Matthew J. Graham

IM
4papers
67citations
Novelty41%
AI Score37

4 Papers

IMDec 12, 2025
Pre-training vision models for the classification of alerts from wide-field time-domain surveys

Nabeel Rehemtulla, Adam A. Miller, Mike Walmsley et al.

Modern wide-field time-domain surveys facilitate the study of transient, variable and moving phenomena by conducting image differencing and relaying alerts to their communities. Machine learning tools have been used on data from these surveys and their precursors for more than a decade, and convolutional neural networks (CNNs), which make predictions directly from input images, saw particularly broad adoption through the 2010s. Since then, continually rapid advances in computer vision have transformed the standard practices around using such models. It is now commonplace to use standardized architectures pre-trained on large corpora of everyday images (e.g., ImageNet). In contrast, time-domain astronomy studies still typically design custom CNN architectures and train them from scratch. Here, we explore the affects of adopting various pre-training regimens and standardized model architectures on the performance of alert classification. We find that the resulting models match or outperform a custom, specialized CNN like what is typically used for filtering alerts. Moreover, our results show that pre-training on galaxy images from Galaxy Zoo tends to yield better performance than pre-training on ImageNet or training from scratch. We observe that the design of standardized architectures are much better optimized than the custom CNN baseline, requiring significantly less time and memory for inference despite having more trainable parameters. On the eve of the Legacy Survey of Space and Time and other image-differencing surveys, these findings advocate for a paradigm shift in the creation of vision models for alerts, demonstrating that greater performance and efficiency, in time and in data, can be achieved by adopting the latest practices from the computer vision field.

IMFeb 26, 2021Code
Tails: Chasing Comets with the Zwicky Transient Facility and Deep Learning

Dmitry A. Duev, Bryce T. Bolin, Matthew J. Graham et al.

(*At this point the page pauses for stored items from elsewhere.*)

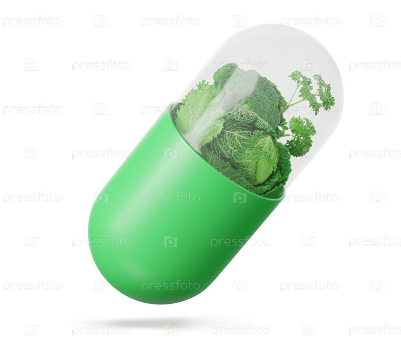 Витамины из овощей в таблетках на белом фоне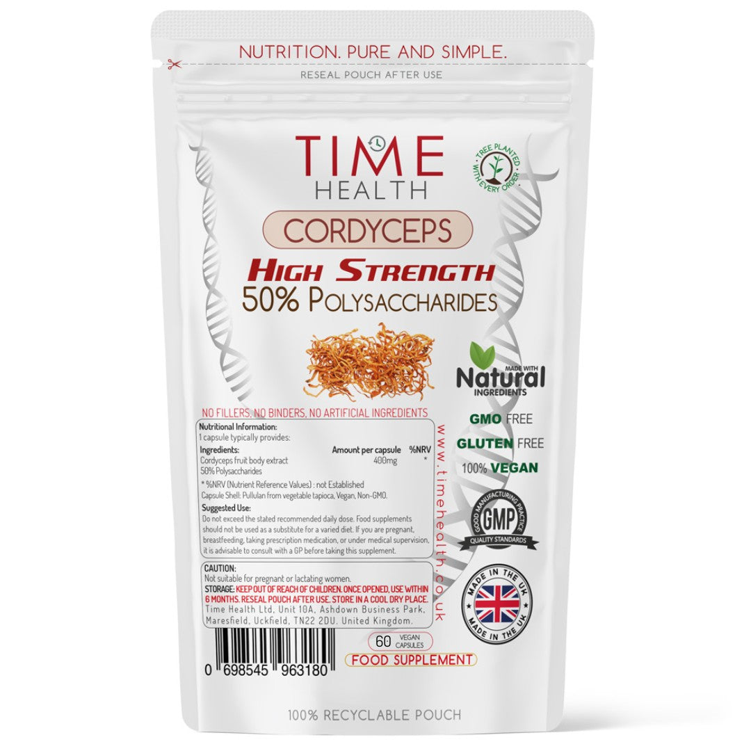 50 % Polysakkarider / 10 % Cordycepsyre / 0,5 % Cordycepin (60 veganske kapsler)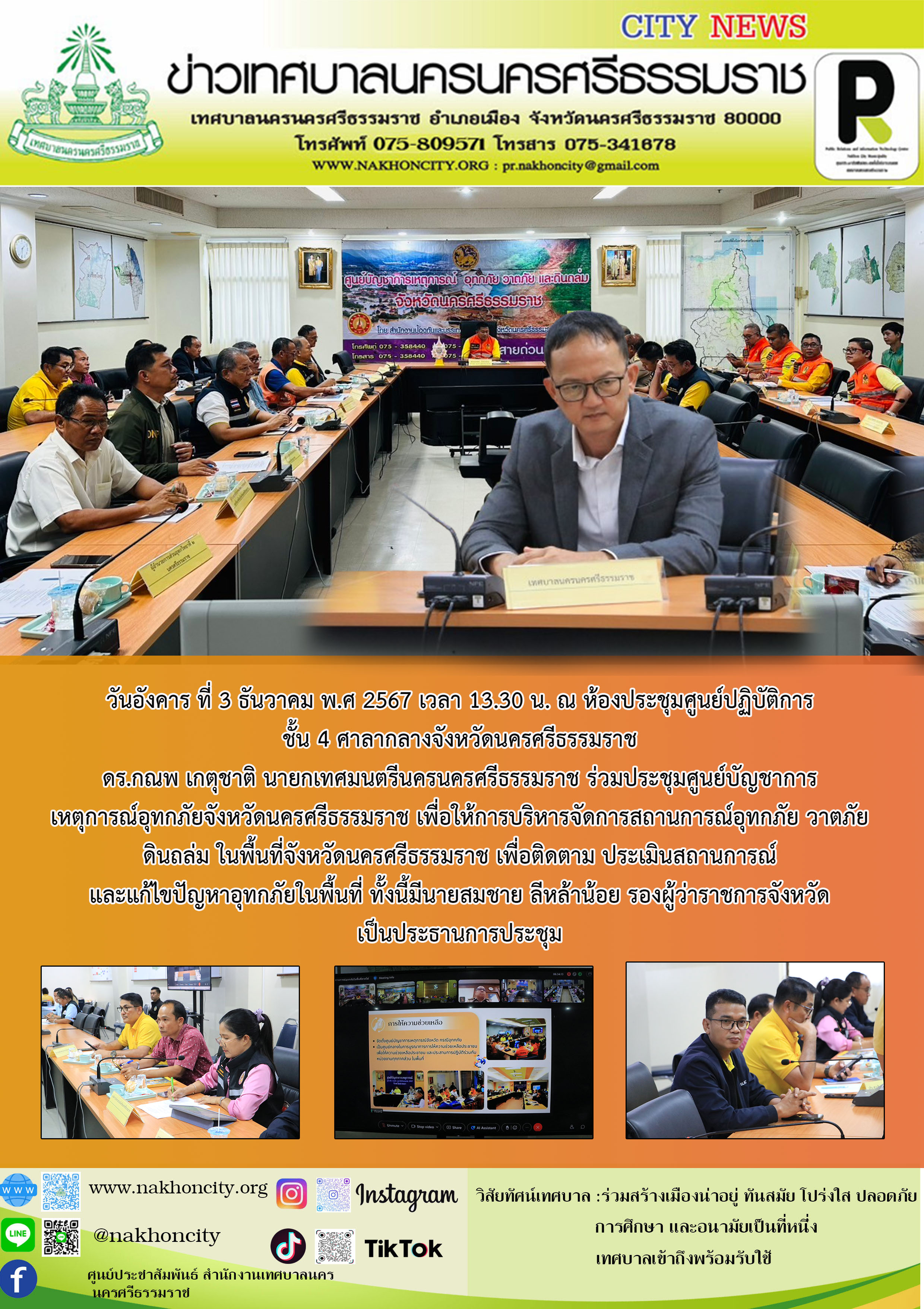 | นายกเทศมนตรีนครนครศรีธรรมราช ร่วมประชุมศูนย์บัญชาการเหตุการณ์อุทกภัยจังหวัดนครศรีธรรมราช เพื่อให้การบริหารจัดการสถานการณ์อุทกภัย วาตภัย ดินถล่ม ในพื้นที่จังหวัดนครศรีธรรมราช |

We present Tails, an open-source deep-learning framework for the identification and localization of comets in the image data of the Zwicky Transient Facility (ZTF), a robotic optical time-domain survey currently in operation at the Palomar Observatory in California, USA. Tails employs a custom EfficientDet-based architecture and is capable of finding comets in single images in near real time, rather than requiring multiple epochs as with traditional methods. The system achieves state-of-the-art performance with 99% recall, 0.01% false positive rate, and 1-2 pixel root mean square error in the predicted position. We report the initial results of the Tails efficiency evaluation in a production setting on the data of the ZTF Twilight survey, including the first AI-assisted discovery of a comet (C/2020 T2) and the recovery of a comet (P/2016 J3 = P/2021 A3).

CYMay 8, 2016
Software search is not a science, even among scientists: A survey of how scientists and engineers find software

Michael Hucka, Matthew J. Graham

Improved software discovery is a prerequisite for greater software reuse: after all, if someone cannot find software for a particular task, they cannot reuse it. Understanding people's approaches and preferences when they look for software could help improve facilities for software discovery. We surveyed people working in several scientific and engineering fields to better understand their approaches and selection criteria. We found that even among highly-trained people, the rudimentary approaches of relying on general Web searches, the opinions of colleagues, and the literature were still the most commonly used. However, those who were involved in software development differed from nondevelopers in their use of social help sites, software project repositories, software catalogs, and organization-specific mailing lists or forums. For example, software developers in our sample were more likely to search in community sites such as Stack Overflow even when seeking ready-to-run software rather than source code, and likewise, asking colleagues was significantly more important when looking for ready-to-run software. Our survey also provides insight into the criteria that matter most to people when they are searching for ready-to-run software. Finally, our survey also identifies some factors that can prevent people from finding software.

IMOct 8, 2013
Feature Selection Strategies for Classifying High Dimensional Astronomical Data Sets

Ciro Donalek, Arun Kumar A., S. G. Djorgovski et al.

The amount of collected data in many scientific fields is increasing, all of them requiring a common task: extract knowledge from massive, multi parametric data sets, as rapidly and efficiently possible. This is especially true in astronomy where synoptic sky surveys are enabling new research frontiers in the time domain astronomy and posing several new object classification challenges in multi dimensional spaces; given the high number of parameters available for each object, feature selection is quickly becoming a crucial task in analyzing astronomical data sets. Using data sets extracted from the ongoing Catalina Real-Time Transient Surveys (CRTS) and the Kepler Mission we illustrate a variety of feature selection strategies used to identify the subsets that give the most information and the results achieved applying these techniques to three major astronomical problems.